The high cost of care is a problem across the country, and no matter how involved the state is, premiums will remain high. One short-term solution that California’s legislators have advocated for is raising the income limit to allow more people to qualify for subsidies. But that’s a political non-starter in Washington right now, and without federal funding, it’s unlikely to happen.

California Sen. Kamala Harris, a Democrat, spoke in favor of the the Affordable Care Act at a rally in Los Angeles in January.

Damian Dovarganes / AP

And just as California is pushing to make the ACA work, it’s also looking at a future without it.

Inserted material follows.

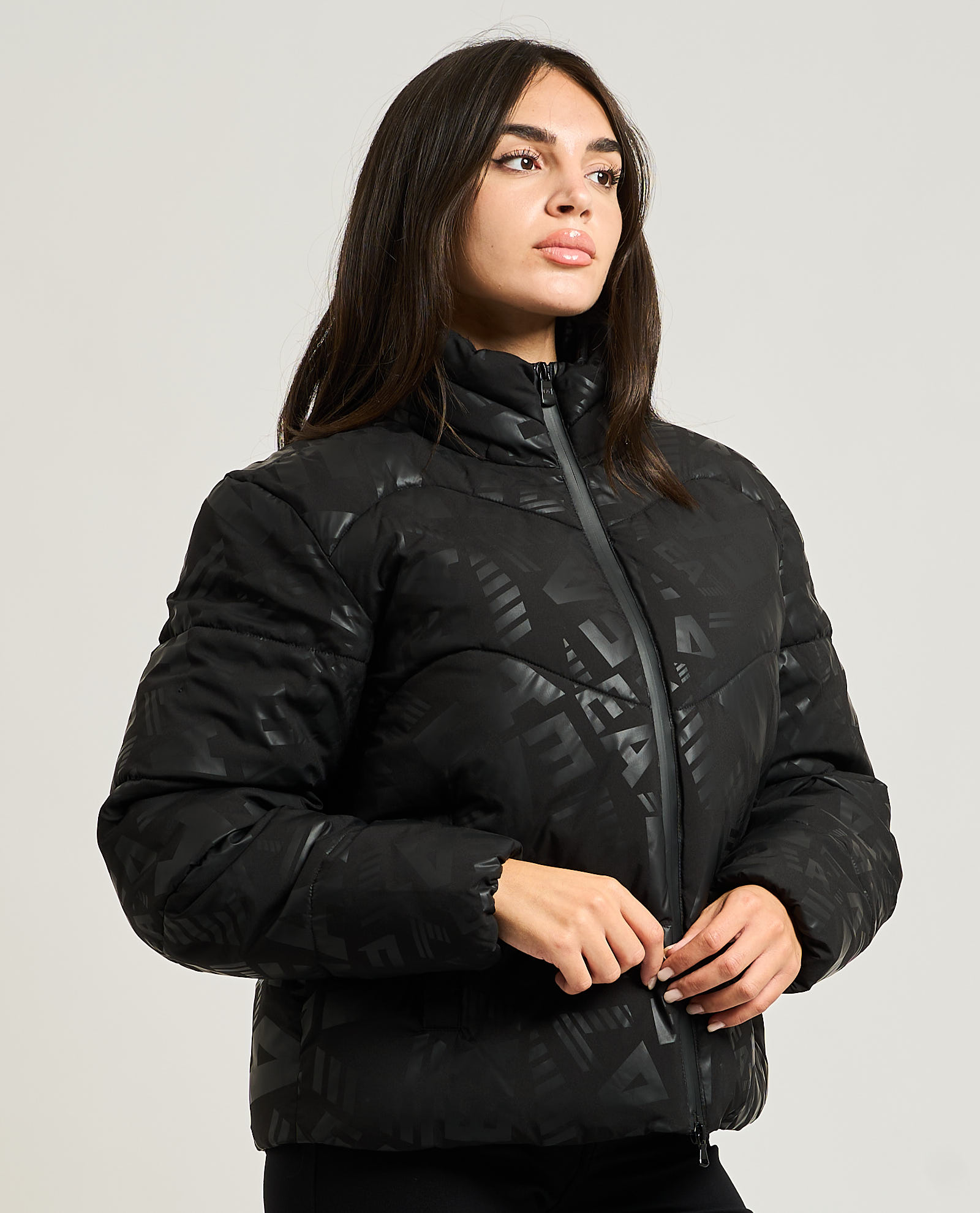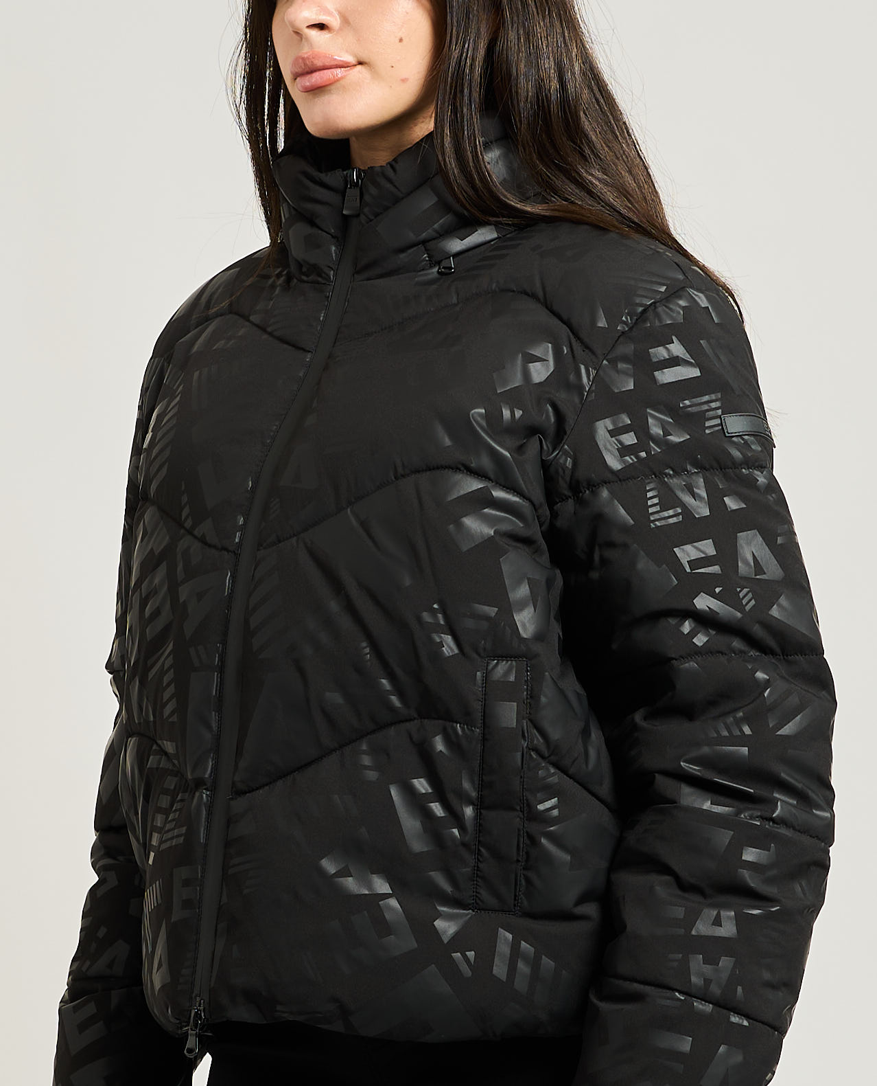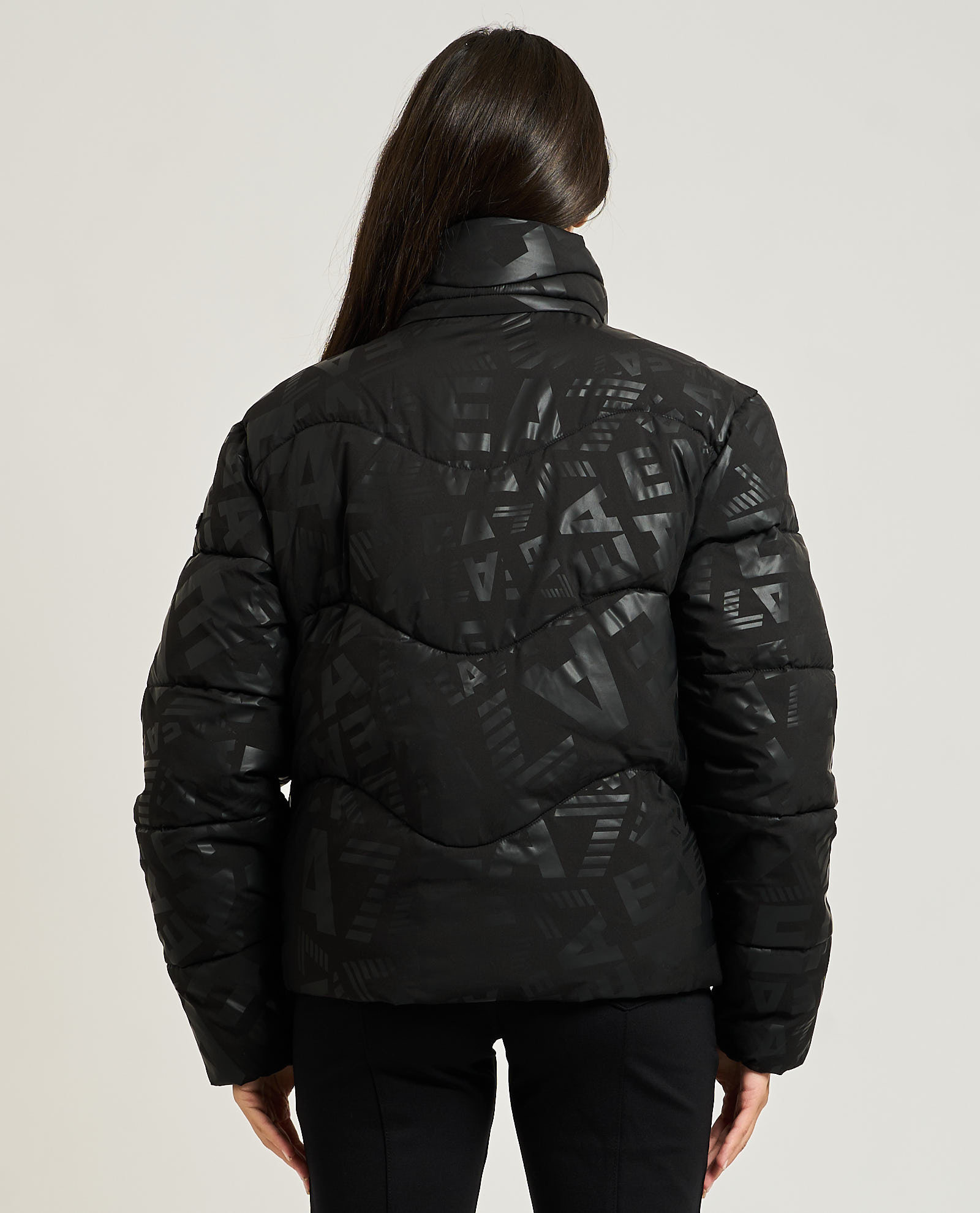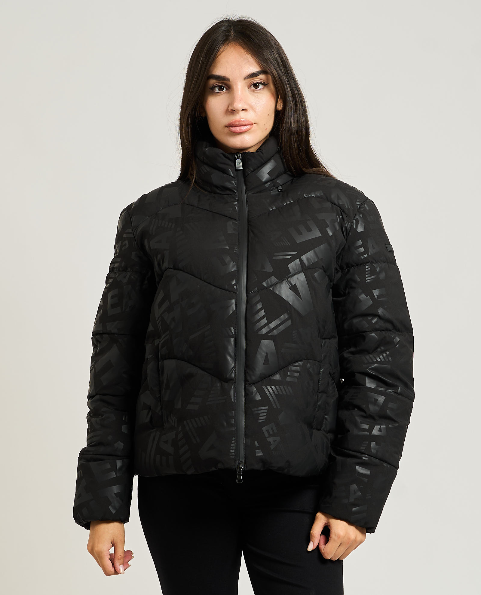 Padded women's jacket by EA7 made of nylon. High neck with hidden hood, full-zip closure, side pockets, wave quilting, all-over monogram pattern. Regular fit. The model wears size S and is 1.65m tall

The state’s elected officials have spent considerable time this year pushing back on Republican efforts to repeal and replace parts of the ACA, but they have also been pushing forward on a bold proposal to create a single-payer system. The hope is that it would cover the people who are still uninsured — a group that includes, among others, people who don’t qualify for subsidies but are by no means wealthy in a state with an extraordinarily high cost of living, as well as undocumented immigrants who currently can’t access any public assistance.

In many ways, this conversation about a single-payer system is happening precisely because Obamacare has worked so well in California — at its best, the ACA can push the insured rate to 90 percent of the population and keep prices stable. But that can still leave millions uninsured, and stable prices don’t necessarily mean low prices. Health care is expensive. If universal coverage is the goal, as is often declared in the Golden State, it’s unlikely to happen through the Affordable Care Act. But it also can’t happen without federal dollars, as made clear by attempts in Vermont, Colorado … and California to establish a single-payer system. At the very least, that means California wants to save the ACA to keep the federal funds flowing for now — so it can rely on that money for whatever comes next.

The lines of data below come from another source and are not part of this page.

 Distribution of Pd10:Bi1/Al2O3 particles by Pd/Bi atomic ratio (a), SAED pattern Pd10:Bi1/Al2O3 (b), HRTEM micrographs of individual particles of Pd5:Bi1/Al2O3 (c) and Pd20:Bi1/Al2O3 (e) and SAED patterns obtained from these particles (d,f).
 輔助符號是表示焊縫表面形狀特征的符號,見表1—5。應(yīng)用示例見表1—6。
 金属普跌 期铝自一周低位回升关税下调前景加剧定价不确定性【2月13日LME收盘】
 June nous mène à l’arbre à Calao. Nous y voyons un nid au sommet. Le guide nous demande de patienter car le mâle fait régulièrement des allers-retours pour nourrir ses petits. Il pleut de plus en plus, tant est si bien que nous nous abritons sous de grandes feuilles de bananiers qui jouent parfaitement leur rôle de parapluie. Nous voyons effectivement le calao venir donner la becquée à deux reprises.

But for now, the state has the Affordable Care Act. And California wants the country to know that despite what President Trump has said, the law is far from dead.


  1. Only one insurer is available in select, mostly rural sections of other counties.

  2. The Centers for Medicare and Medicaid Services hasn’t release data on the weighted price increase among marketplaces run by the federal government, so it’s difficult to compare this to the national increase. However, it has said that the average increase of the second lowest cost silver plan, used to calculate subsidies, on federally run marketplaces was 37 percent. The lowest cost silver plan went up 9.2 percent in California, compared with an average of 17 percent on federally run marketplaces.

  3. For this enrollment period, California plans to spend $111 million on advertising and outreach. The federal government cut its planned spending on those activities from $163 million to $47 million.

  4. The number varies depending how the uninsured rate is measured. Around 15 percent of people in California were uninsured in 2013, according to an analysis of Census data. Including people who were uninsured part or most of the year brings the number up to about 20 percent.

  5. Much to the chagrin of some of the hundreds of thousands of people whose plans were canceled before the first open enrollment period.

  6. Tennessee and Iowa both allowed many of these plans to continue and have seen their ACA marketplaces struggle.

Anna Maria Barry-Jester is a senior reporter at Kaiser Health News and California Healthline, and formerly a reporter for FiveThirtyEight.